## Work task
Produce exactly the lines from the one holding "тебя ждёт особая" through the last line of the data below, with every picture left out.
═══ Given information
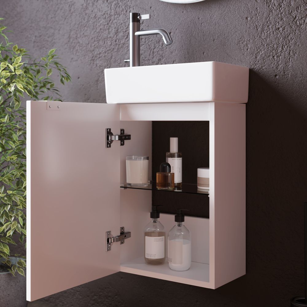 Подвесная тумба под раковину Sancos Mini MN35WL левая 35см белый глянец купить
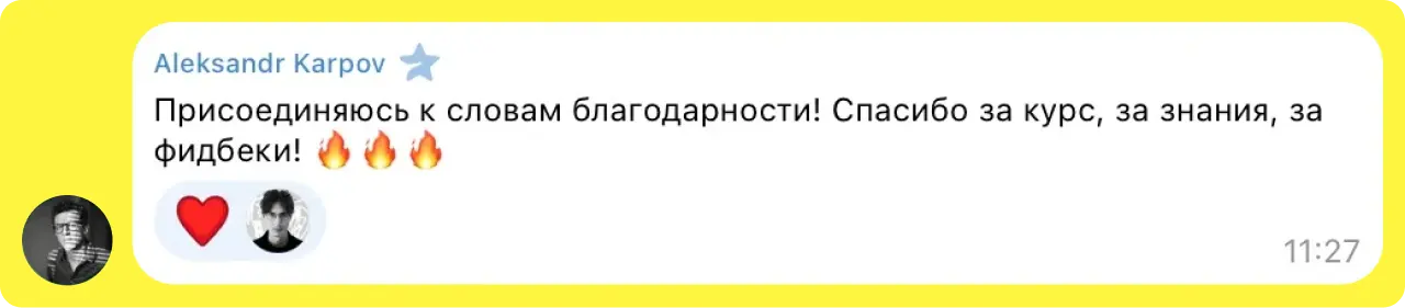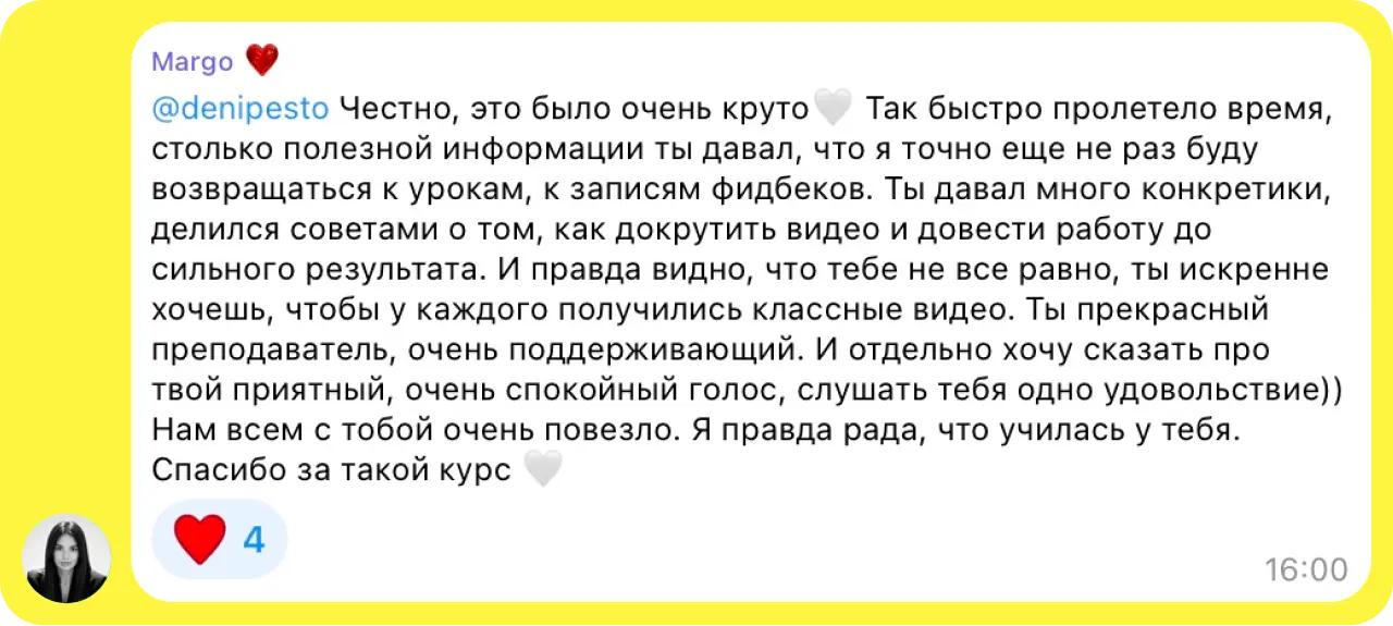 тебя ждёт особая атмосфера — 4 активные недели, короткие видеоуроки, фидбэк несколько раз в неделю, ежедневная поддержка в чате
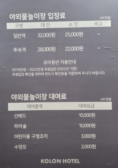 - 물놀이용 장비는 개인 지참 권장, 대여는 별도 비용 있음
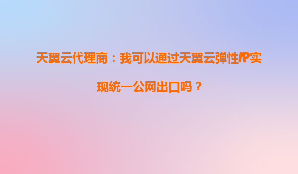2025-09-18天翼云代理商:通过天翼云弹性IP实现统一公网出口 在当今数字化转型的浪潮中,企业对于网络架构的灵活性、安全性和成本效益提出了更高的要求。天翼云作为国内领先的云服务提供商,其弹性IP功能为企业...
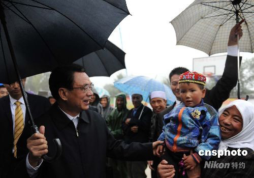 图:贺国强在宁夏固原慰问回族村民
══════
## Problem solution
 тебя ждёт особая атмосфера — 4 активные недели, короткие видеоуроки, фидбэк несколько раз в неделю, ежедневная поддержка в чате
 - 물놀이용 장비는 개인 지참 권장, 대여는 별도 비용 있음
2025-09-18天翼云代理商:通过天翼云弹性IP实现统一公网出口 在当今数字化转型的浪潮中,企业对于网络架构的灵活性、安全性和成本效益提出了更高的要求。天翼云作为国内领先的云服务提供商,其弹性IP功能为企业...
 图:贺国强在宁夏固原慰问回族村民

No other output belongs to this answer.